[Stored items]
#####
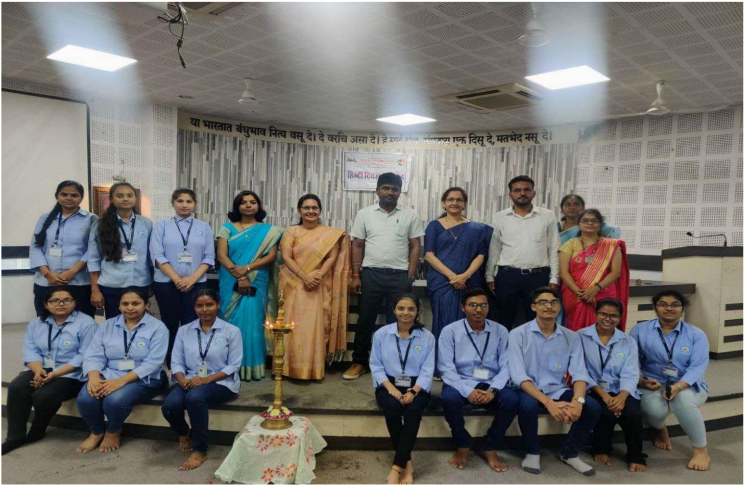
Department of Language and the Students
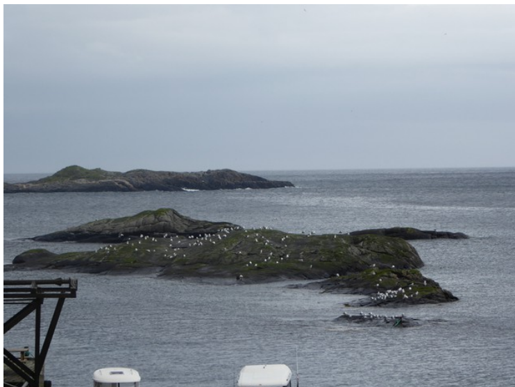
På en holme ute i vågen var det mange fugler. Holmene heter Skarvskjæran.
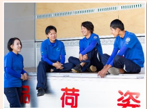
<日頃からコミュニケーションをよくとるスタッフの様子>

実際、社会人インターンシップの参加者のうち半分程度が採用されており、社会人インターンシップ参加者の採用の割合が高くなっている。また、社会人インターンシップを実施することで、従業員の参加者への接し方、伝え方を考える機会が生まれるため、従業員の成長にも繋がる良い機会だと考えている。
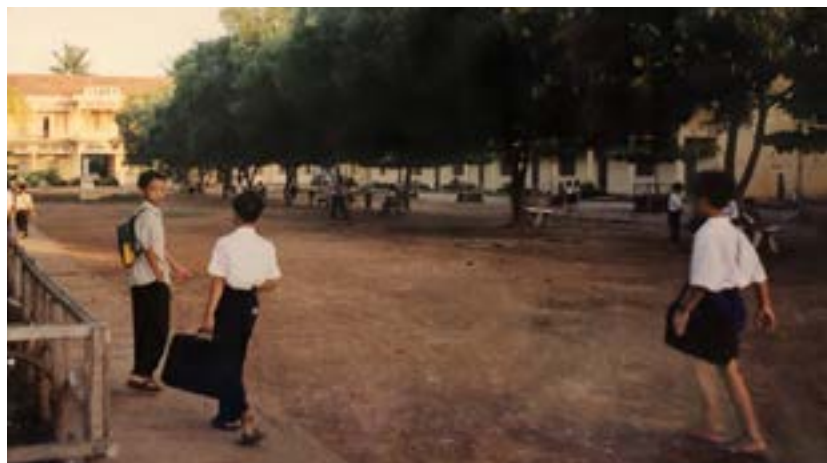
Figure 1 École de Chey Chun Neas
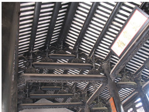
图1 沙湾留耕堂の木结构

木结构是中国古建筑艺术的精华和代表，番禺古祠堂大多都采用了木结构建筑。并且主要采用了抬梁式构架，建筑的主体骨架就是通过石柱和木结构构件、梁、柱、斗拱细分构件组合而成。木结构语言是古祠堂建筑的骨架灵魂，它通过复杂的组合，形成具有很高的艺术特色，一排排的石柱、木柱，斗拱，形成错综复杂，古朴大方的艺术语言，在木构件上配以各种装饰雕花，使建筑造型更富变化。梁、枋、斗拱各种构件，通过雕饰，艺术处理华丽、精致，产生自然优美的弧线，复杂斗拱使木结构语言更为丰富，不仅有实用性，同时有很强的视觉效果，构架雄伟壮丽，复杂的斗拱使构架平衡，同时也起到很好的装饰作用。
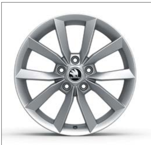
Disk z ľahkej zliatiny 7,0J x 17" Scudo na pneumatiky 225/50 R17 v striebornej farbe (5L0 071 497M 8Z8) Cena: 171,30€
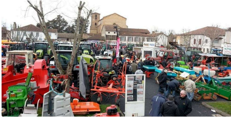
Foire de Barcelonne-du-Gers : l'occasion ou jamais

C'est ce week-end que les visiteurs sont attendus
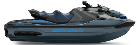
Blue Abyss y Gulfstream Blue
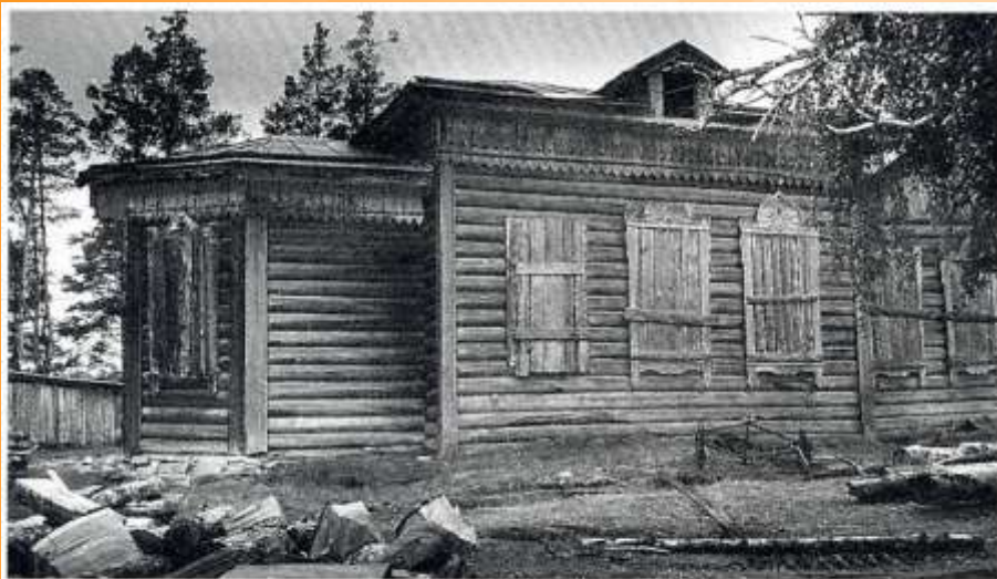
Николаевская церковь с. Хор-Тагна. 1994 г.
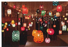
自遊花人水引ミュージアム
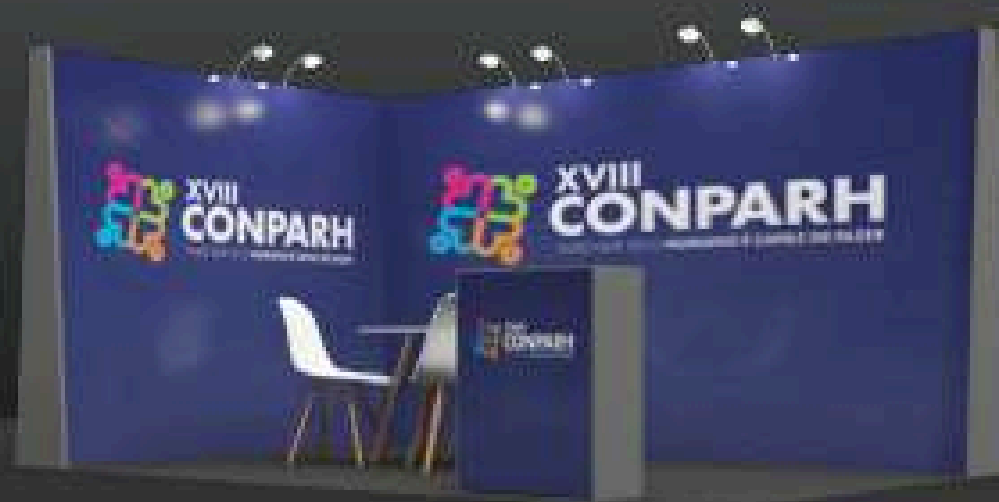
STAND 4x3 A
#####
> Aim of the exercise
Your answer should be the lines above from the one that contains "<日頃からコミュニケーションをよくとるスタッフの様子>" through the last, set down exactly, with the pictures removed.

> Answer
<日頃からコミュニケーションをよくとるスタッフの様子>

実際、社会人インターンシップの参加者のうち半分程度が採用されており、社会人インターンシップ参加者の採用の割合が高くなっている。また、社会人インターンシップを実施することで、従業員の参加者への接し方、伝え方を考える機会が生まれるため、従業員の成長にも繋がる良い機会だと考えている。
Figure 1 École de Chey Chun Neas
图1 沙湾留耕堂の木结构

木结构是中国古建筑艺术的精华和代表，番禺古祠堂大多都采用了木结构建筑。并且主要采用了抬梁式构架，建筑的主体骨架就是通过石柱和木结构构件、梁、柱、斗拱细分构件组合而成。木结构语言是古祠堂建筑的骨架灵魂，它通过复杂的组合，形成具有很高的艺术特色，一排排的石柱、木柱，斗拱，形成错综复杂，古朴大方的艺术语言，在木构件上配以各种装饰雕花，使建筑造型更富变化。梁、枋、斗拱各种构件，通过雕饰，艺术处理华丽、精致，产生自然优美的弧线，复杂斗拱使木结构语言更为丰富，不仅有实用性，同时有很强的视觉效果，构架雄伟壮丽，复杂的斗拱使构架平衡，同时也起到很好的装饰作用。
Disk z ľahkej zliatiny 7,0J x 17" Scudo na pneumatiky 225/50 R17 v striebornej farbe (5L0 071 497M 8Z8) Cena: 171,30€
Foire de Barcelonne-du-Gers : l'occasion ou jamais

C'est ce week-end que les visiteurs sont attendus
Blue Abyss y Gulfstream Blue
Николаевская церковь с. Хор-Тагна. 1994 г.
自遊花人水引ミュージアム
STAND 4x3 A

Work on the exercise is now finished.